二人は黙ったまま、石段を登った。星屑がまるで船の燈火のようにまたたいている。ゆき子は気を紛らせるつもりで、かすれた口笛を吹いた。瞼に突きあげて来る熱いものを、ときどき外套の袖でこすりながら、海防から戻って来た時の、心の渇きが、急にいまごろ涙になって、とめどなく頬に溢れた。日本へ戻って来て、いったい何が自分達をこんなふうに、無気力な淋しがりにしてしまったのだろう……。一つ一つ石段を登りながら、ゆき子はううと突きあげて来る涙にむせていた。 (287〈三十一〉)

 先日(△年6月6日)、林芙美子の初恋の人岡野軍一が生まれ育った因島を訪ねた。林芙美子尾道高等女学校を卒業するとすぐに東京へと出た。当時、軍一は明治大学商科に通っていた。芙美子は軍一と同棲し、結婚の約束までしていた。が、軍一は大学を卒業すると因島に帰郷し、日立造船所に勤めることになる。芙美子は軍一を追って因島に行くが、軍一は親の反対もあって芙美子との結婚の約束を破棄する。因島には芙美子が泊まった松葉旅館跡に建物が建っている。

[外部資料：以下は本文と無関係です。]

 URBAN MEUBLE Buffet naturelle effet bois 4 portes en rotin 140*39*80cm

 わたしが訪ねた時は、日曜日で商店街はほとんどシャッターを下ろしていて、人通りも少なく閑散としていたが、荒神様を奉る神社では子供相撲が開催されていた。ここだけは、町の有力者が一同に集まって白テントの下で酒を飲み交わしながら賑やかに歓談していた。林芙美子の研究のために、初恋の人岡野軍一のことを取材していると話すと、テントの中の一人が近づいて来て、軍一の孫娘と自分の妹が友達で、必要ならすぐに連絡するから、直接話をしてくれという。

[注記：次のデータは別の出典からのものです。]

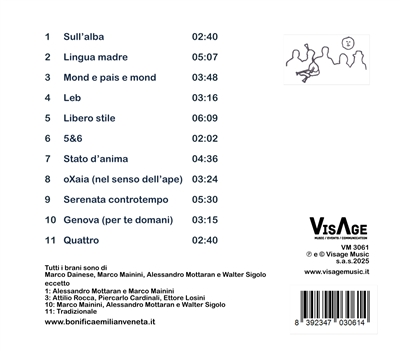 Das Booklet enthält kurze, zwei bis drei Zeilen lange Mikrogeschichten, die jeden Titel vorstellen – kurze Interpretationshilfen, die eine parallele Erzählung schaffen. Sie erzählen, wie jemand, auf einen Ruf antwortet (Sull’alba), zu einer eigenen Stimme wird (Lingua madre), seine Zeit und seine Seele besingt (Stato d’anima) und dann seine Reise durch die Stimmen anderer fortsetzt (Genova [per te domani]).
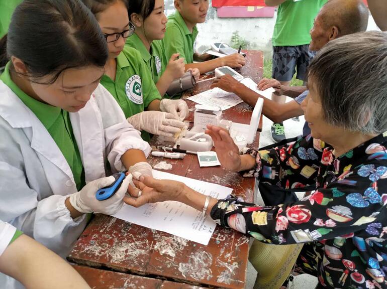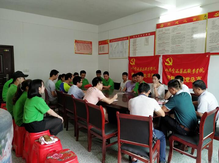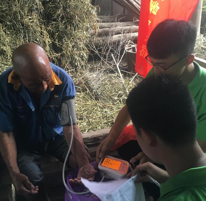“三下乡”团队在当地村委会带领下冒着大雨上门看望下水田村5户 “五保户”老人,逐一为他们测量了血糖、血压并送上了慰问物资。师生们还为当地的老人量血压、测血糖、使用人体成分分析仪检测老人们的身体情况,并通过填写问卷了对他们的健康和生活状况进行调研,同时进行了食品营养知识宣传,并给村里的“五保户”老人送上了慰问品。最后,还走访、慰问了当地党员,了解党员的感人事迹;入党积极分子们结合活动感想进行了现场思想汇报;老师和同学都谈及了此次“三下乡”活动的感受和收获。

 荒神様を奉った神社は何十段もある長い石段を上り詰めた頂上にあり、そこからは軍一が勤めていた日立造船所の巨大な建物が当時の面影を残して建っている。当時は石段の周囲に人家はなかったそうだが、今は石段の両脇には隙間なく人家が建っている。当時は造船所に向かって石段の左に松葉旅館が建っていて、因島を訪れた林芙美子はここに宿泊し、石段に立って軍一の勤める造船所を眺めていたらしい。軍一の帰りをひたすら待つ芙美子の姿に自分を重ねて、わたしもしばし石段の途中にたたずんで造船所の巨大な建物を眺めた。
 取材していると、日立造船所に四十年勤続して定年退職した人にぐうぜん会うことができた。彼の話によると、日立造船所は全盛期は三千五百人もの従業員がおり、下請けに従事する関係労働者を含めると五千から八千人ぐらいいたかも知れないということであった。その日、商店街は閑散としていたが、どこまでも続くような長く細い道の両脇の店舗から容易に全盛期を偲ぶことができる。